__ABOUT THIS EXERCISE__
In the listing that follows, locate the line containing "在开幕式上,西安电子科技大学" and the line containing "何と、「シッティングバレーボ". Retype exactly those two lines and every line between them, and nothing more.

======== MATERIALS PROVIDED ========

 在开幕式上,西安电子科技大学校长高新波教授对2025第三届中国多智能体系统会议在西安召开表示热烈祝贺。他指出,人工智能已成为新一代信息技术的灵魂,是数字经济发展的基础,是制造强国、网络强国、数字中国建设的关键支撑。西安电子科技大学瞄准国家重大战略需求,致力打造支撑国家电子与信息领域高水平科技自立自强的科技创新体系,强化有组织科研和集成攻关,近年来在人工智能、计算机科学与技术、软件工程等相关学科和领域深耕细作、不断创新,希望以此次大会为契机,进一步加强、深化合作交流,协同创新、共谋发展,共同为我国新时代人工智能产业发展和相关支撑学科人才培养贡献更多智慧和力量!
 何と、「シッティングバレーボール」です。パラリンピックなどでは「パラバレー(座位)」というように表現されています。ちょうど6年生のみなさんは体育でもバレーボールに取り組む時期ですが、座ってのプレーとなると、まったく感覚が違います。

========
======== MATERIALS PROVIDED ========

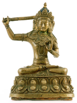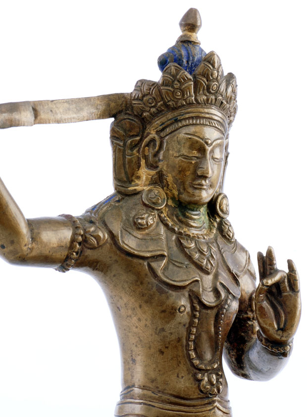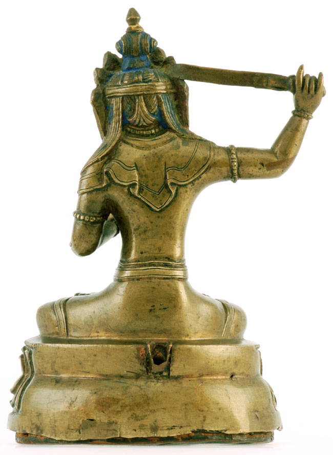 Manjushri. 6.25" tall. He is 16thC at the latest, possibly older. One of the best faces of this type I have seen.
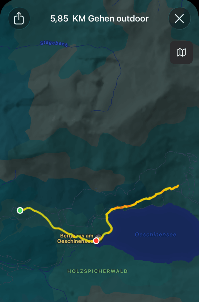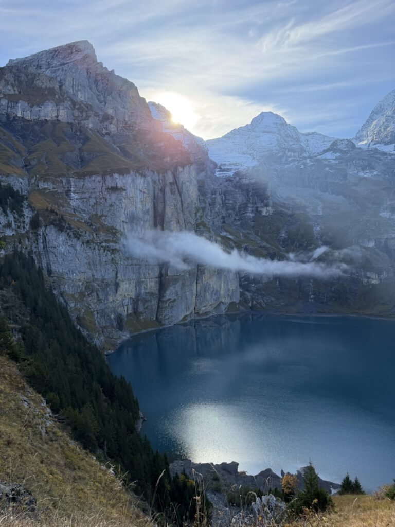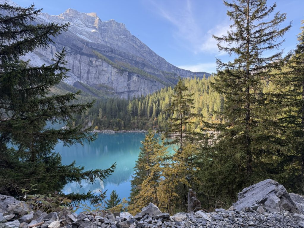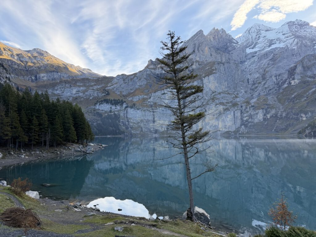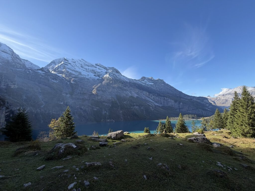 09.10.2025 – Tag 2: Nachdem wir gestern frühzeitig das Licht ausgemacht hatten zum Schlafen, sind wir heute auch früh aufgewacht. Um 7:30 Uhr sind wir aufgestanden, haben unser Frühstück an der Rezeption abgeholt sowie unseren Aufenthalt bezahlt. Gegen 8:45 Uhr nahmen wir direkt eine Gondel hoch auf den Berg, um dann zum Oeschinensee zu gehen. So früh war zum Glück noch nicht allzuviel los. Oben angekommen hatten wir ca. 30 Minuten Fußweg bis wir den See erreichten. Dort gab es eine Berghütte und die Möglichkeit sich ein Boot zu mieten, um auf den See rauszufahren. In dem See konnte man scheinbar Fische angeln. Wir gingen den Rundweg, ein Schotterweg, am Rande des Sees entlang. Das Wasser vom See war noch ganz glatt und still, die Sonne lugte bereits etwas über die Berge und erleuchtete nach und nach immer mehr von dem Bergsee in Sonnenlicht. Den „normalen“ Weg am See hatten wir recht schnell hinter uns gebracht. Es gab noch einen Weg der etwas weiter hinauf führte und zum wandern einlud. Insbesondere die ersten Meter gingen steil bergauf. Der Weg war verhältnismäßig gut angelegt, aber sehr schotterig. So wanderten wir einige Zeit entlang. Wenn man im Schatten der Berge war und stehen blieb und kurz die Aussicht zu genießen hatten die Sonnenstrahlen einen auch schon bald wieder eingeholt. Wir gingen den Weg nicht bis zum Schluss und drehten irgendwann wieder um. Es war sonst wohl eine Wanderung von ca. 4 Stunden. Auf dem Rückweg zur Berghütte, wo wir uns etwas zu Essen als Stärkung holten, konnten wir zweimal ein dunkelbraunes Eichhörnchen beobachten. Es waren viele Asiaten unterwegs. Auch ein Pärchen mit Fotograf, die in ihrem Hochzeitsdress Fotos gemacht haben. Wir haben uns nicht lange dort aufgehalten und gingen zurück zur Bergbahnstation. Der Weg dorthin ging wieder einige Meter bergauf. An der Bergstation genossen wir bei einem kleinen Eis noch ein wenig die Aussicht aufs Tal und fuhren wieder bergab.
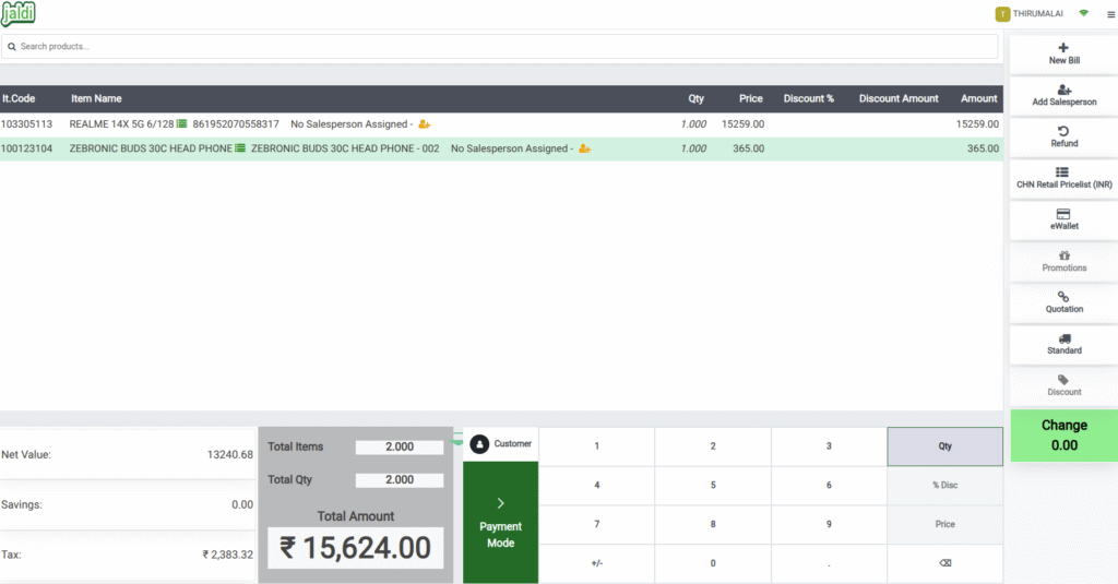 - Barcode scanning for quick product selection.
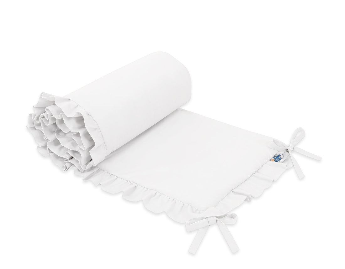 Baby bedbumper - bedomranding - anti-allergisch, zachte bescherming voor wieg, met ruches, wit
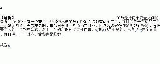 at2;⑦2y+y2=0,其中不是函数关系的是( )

========
======== MATERIALS PROVIDED ========

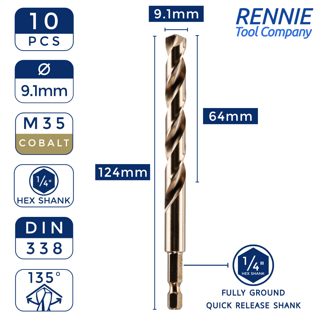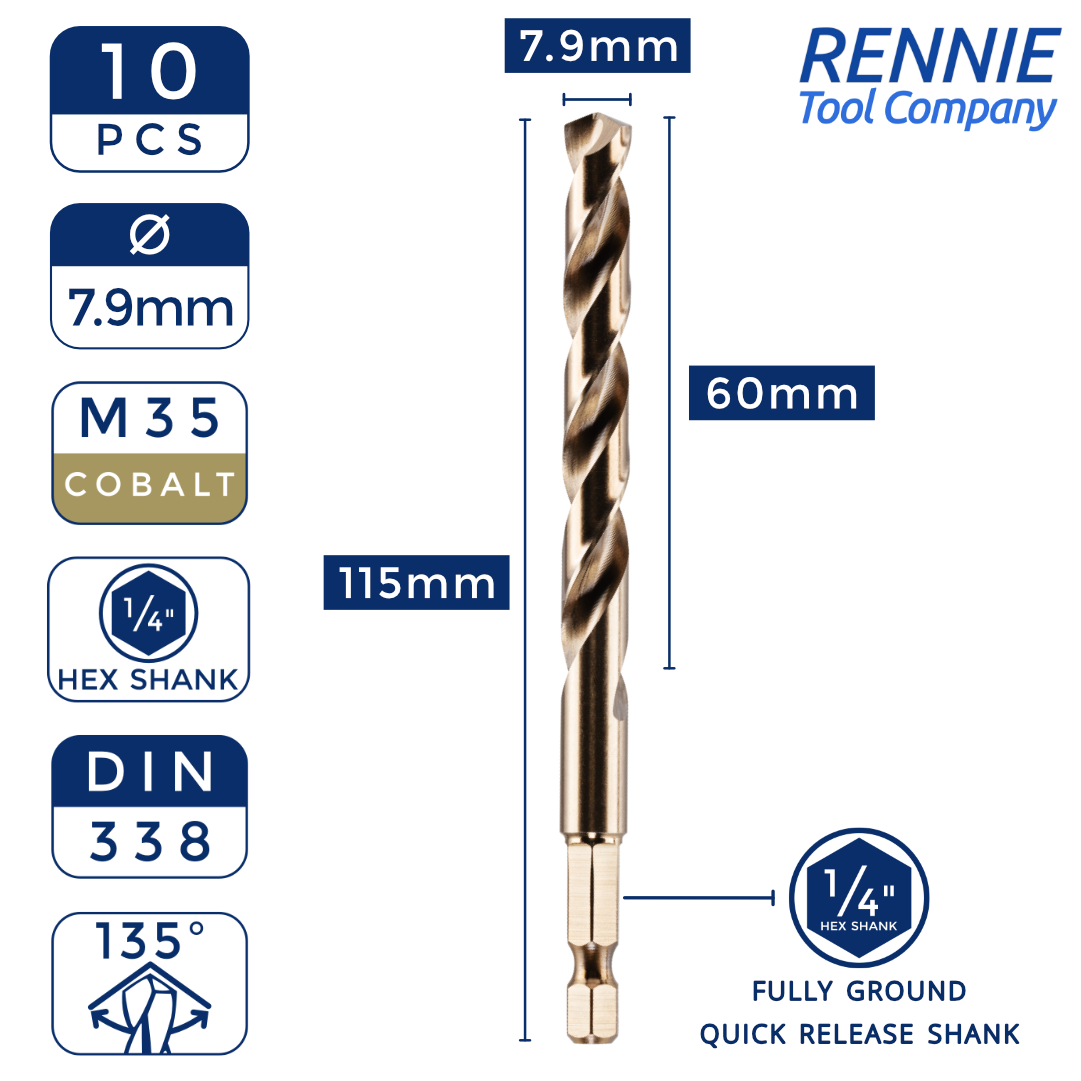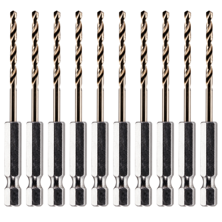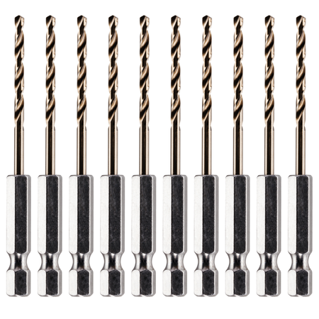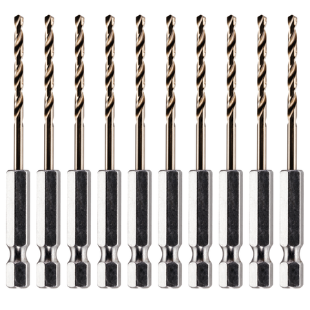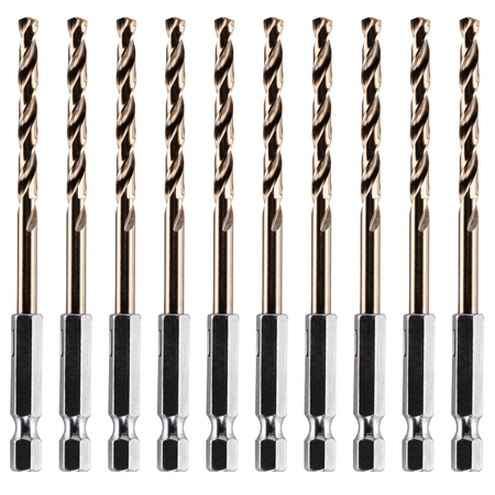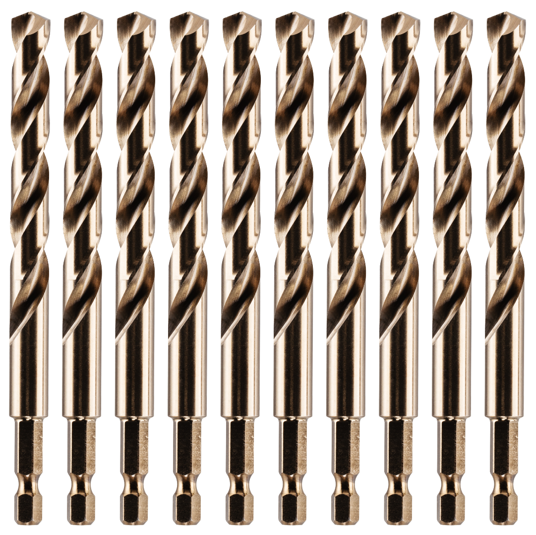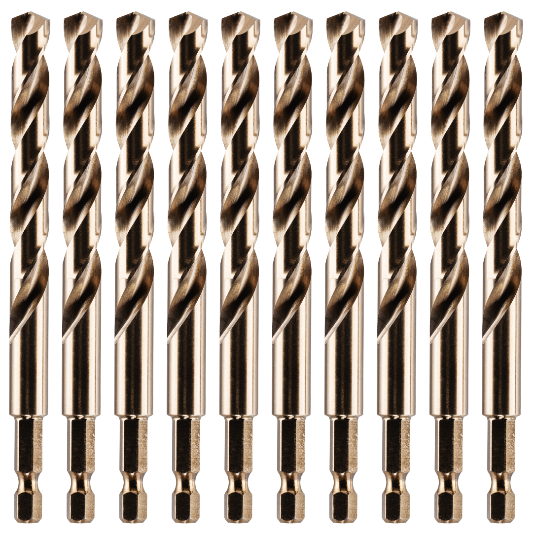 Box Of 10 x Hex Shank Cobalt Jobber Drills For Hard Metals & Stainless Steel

========

__SOLUTION FOR THIS EXERCISE__
 在开幕式上,西安电子科技大学校长高新波教授对2025第三届中国多智能体系统会议在西安召开表示热烈祝贺。他指出,人工智能已成为新一代信息技术的灵魂,是数字经济发展的基础,是制造强国、网络强国、数字中国建设的关键支撑。西安电子科技大学瞄准国家重大战略需求,致力打造支撑国家电子与信息领域高水平科技自立自强的科技创新体系,强化有组织科研和集成攻关,近年来在人工智能、计算机科学与技术、软件工程等相关学科和领域深耕细作、不断创新,希望以此次大会为契机,进一步加强、深化合作交流,协同创新、共谋发展,共同为我国新时代人工智能产业发展和相关支撑学科人才培养贡献更多智慧和力量!
 何と、「シッティングバレーボール」です。パラリンピックなどでは「パラバレー(座位)」というように表現されています。ちょうど6年生のみなさんは体育でもバレーボールに取り組む時期ですが、座ってのプレーとなると、まったく感覚が違います。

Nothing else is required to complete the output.